Justo en el momento de culminar la carrera le preguntaron por el valor del servicio “y de pronto, sin mediar más palabras, uno saca un revolver y me lo coloca a la altura de la cien”.
Aureliano le ruega que no lo vaya a matar, que tiene familia que lo espera, que se lleven lo que quieran. Hasta ahí recuerda porque el hombre le disparó y entonces todo fue confusión, silencio y un desvanecimiento.

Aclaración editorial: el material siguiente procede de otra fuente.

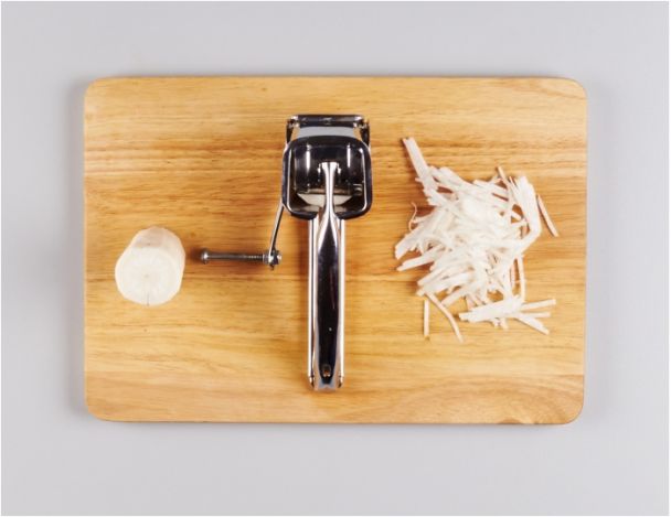 Peler le radis noir, râper-le sur une râpe à gros trous et réserver.

“La vida se me iba…la verdad no supe nada más de lo ocurrido hasta 35 días después cuando reaccioné en la UCI del Hospital El Tunal, en el sur de Bogotá. Fueron varios días de hospitalización y de terapias hasta que me dieron de alta. Gracias a Dios estoy vivo, pero quedé medio, no puedo trabajar como lo hacía antes”, comenta con resignación y melancolía de ese lamentable día que le cambió la existencia.
Volver a Neiva
Tras la tragedia, tomó la decisión de retornar a Neiva en busca de sus raíces y opciones laborales. Por ahora es vigilante. “La gente es generosa y hago para medio comer y pagar una pieza”, afirma, y hace una pausa para hacer llamado a alguien que esté interesado en emplearlo en algo formal. “Ya saben en qué lugar encontrarme”, expresa, con optimismo.
Aunque le gustaría trabajar en algo relacionado con la sicología, sabe que primero necesitaría terminar la carrera. Mientras, cuida carros, que no es una profesión, pero le sirve para intenta retomar la vida o lo que le queda de ella en medio de tristes y la solidaridad de la gente que llega al lugar a despedir seres queridos.
“Nadie llega a esto porque quiere”, afirma, señalando con ‘doble sentido’ la funeraria, “pero, igual, cuando nos toca-toca. Como a mí, me tengo que rebuscar de alguna forma. Tengo que comer, no hay de otra”, concluye Aureliano, a la vez que se despide agitando la gorra que lo cubre del sol.